São Paulo – Brazil wants to attract foreign researchers to the country to help develop new technologies and bring innovation into national industries and institutions. This is one of the plans of the minister of Science, Technology and Innovation, Aloizio Mercadante. It will be one the means to foster the development of local projects under the program Brasil sem Fronteiras (Brazil Without Borders), which will also award 75,000 scholarships to Brazilian students overseas.
“What we want is to invest in innovation. We want to send our students to the best universities in the world, and bring over researchers from the top universities in any country,” said the minister during a meeting with foreign correspondents this Friday (30), at the Energy and Nuclear Research Institute (Ipen), in São Paulo.
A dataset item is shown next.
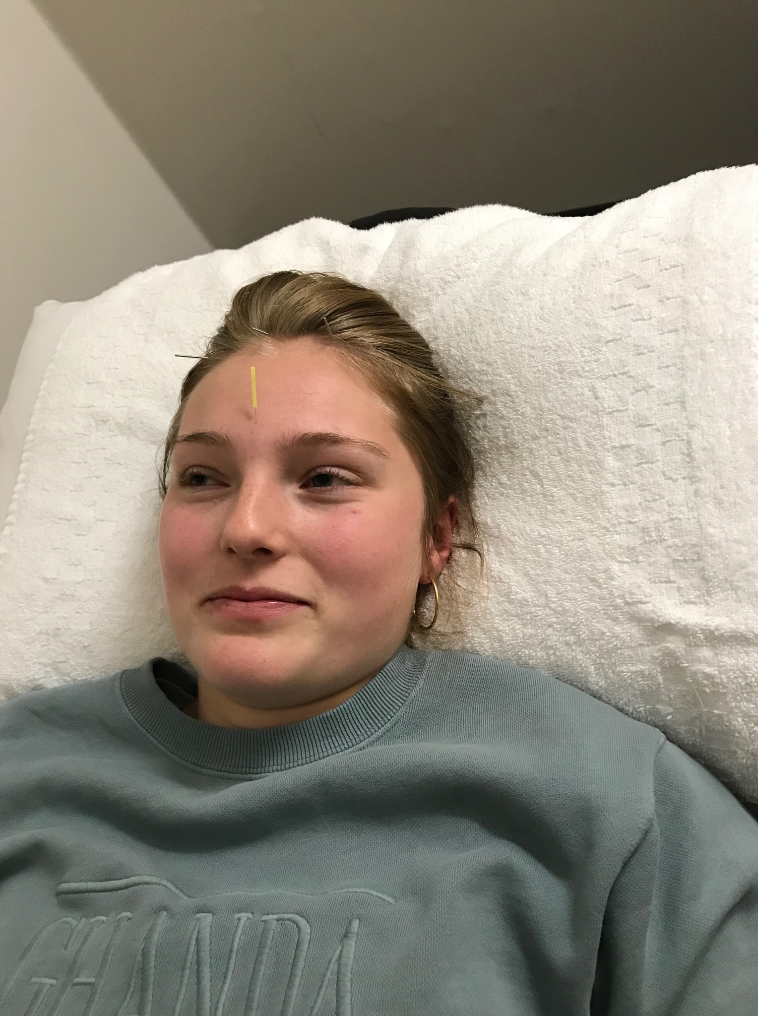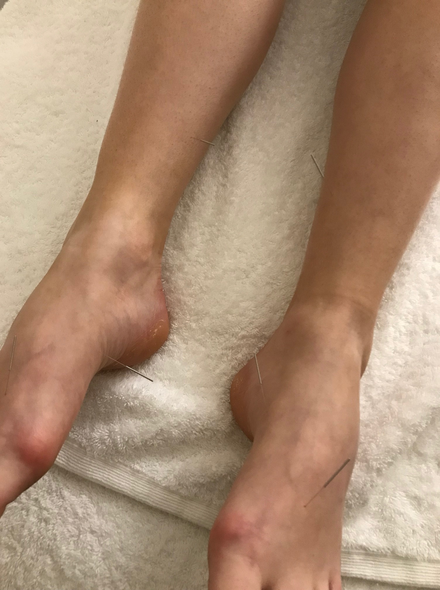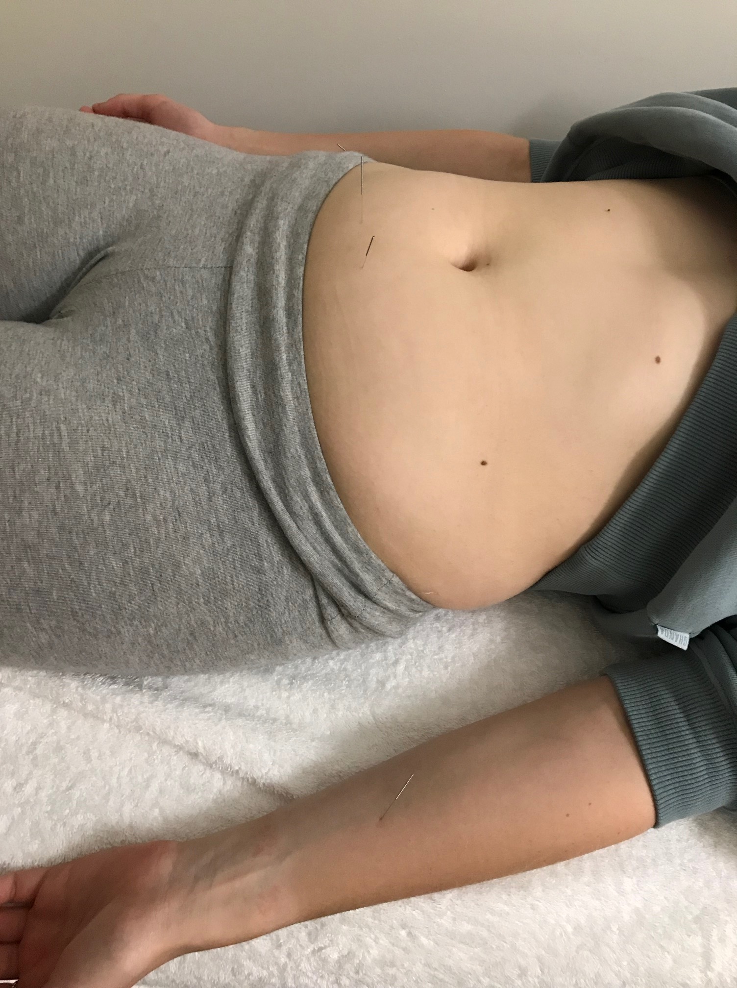 After all that, I hopped up on the bed do start with acupuncture. We did really similar spots to last time. Some on the feet and lower shins like last time, one in between the tendons in my right arm, one on my left arm, four in my head, one on my upper stomach like last time and a couple in my lower stomach (see below). Please don’t mind my facial expression, it’s actually very awkward having your Chinese doctor take photos of you with needles in your head surprisingly!

He claimed that the aim is to cover areas in which demand is strong in Brazil: science, technology and the various fields of engineering.
According to Mercadante, at least one foreign researcher has already set the details of his coming to Brazil. The Swiss Kurt Wüthrich, who won the Nobel Prize in Chemistry in 2002, will remain in Brazil for 3 years to develop projects in his field of work. He received the prize from the Swiss academy alongside the researchers John Benn and Koichi Tanaka, for developing study methods for assessing the biological strucutres of macromolecules such as proteins.
The attractions for researchers are the pay and the conditions. Wüthrich should earn 14,000 reals per quarter and 87,000 to equip the research lab. He will also be allowed to bring a postdoctoral student to Brazil and send another from Brazil to abroad. Wüthrich will develop his research at the laboratories of Fundação Oswaldo Cruz (Fiocruz), in Rio de Janeiro. “We will issue calls for entries on newspapers around the world to attract researchers,” the minister promised.
Mercadante also stated that another means of fostering innovative projects is through establishing a company similar to the Brazilian Agricultural Research Corporation (Embrapa). This new institution, which has not been established yet, should fund projects that the industry needs. The studies will be developed in already existing laboratories. According to Mercadante, the goal is to have 30 Brazilian labs participate in the project. Three labs have already joined, according to the government: the National Institute of Technology (INT), in Rio de Janeiro, the Institute of Technology Research (IPT), in São Paulo, and Faculdade Senai Cimatec, in Bahia. “These projects will be implemented based on the needs of the industry,” said the minister. The government has already set aside 60 million reals for the initiative.
To the minister, developing technology and innovation at this time may help Brazil fight the world economy crisis. He acknowledged, however, that Brazil is “falling way behind” when it comes to innovation. “We lived with super inflation for 20 years, so there used to be an aversion to risk, but we have also had a passive culture with regard to innovation,” he said.
At the meeting, Mercadante also stated that the Chinese company Foxconn is going to start manufacturing the Ipad and the Ipod, products of the US-based Apple, by the end of the year in Brazil. “There is a 20,000 square metre warehouse being built in Jundiaí. By the of the year, Foxconn will start making the Ipad and the Ipod in the country,” he said, highlighting that US$ 12 billion worth of promised investment should take place over the next five years. He also spoke in favour of 7% of pre-salt layer oil revenues to be allocated to science and technology. “Future generations will not have oil money available, so we need to invest these funds in education, science and technology.”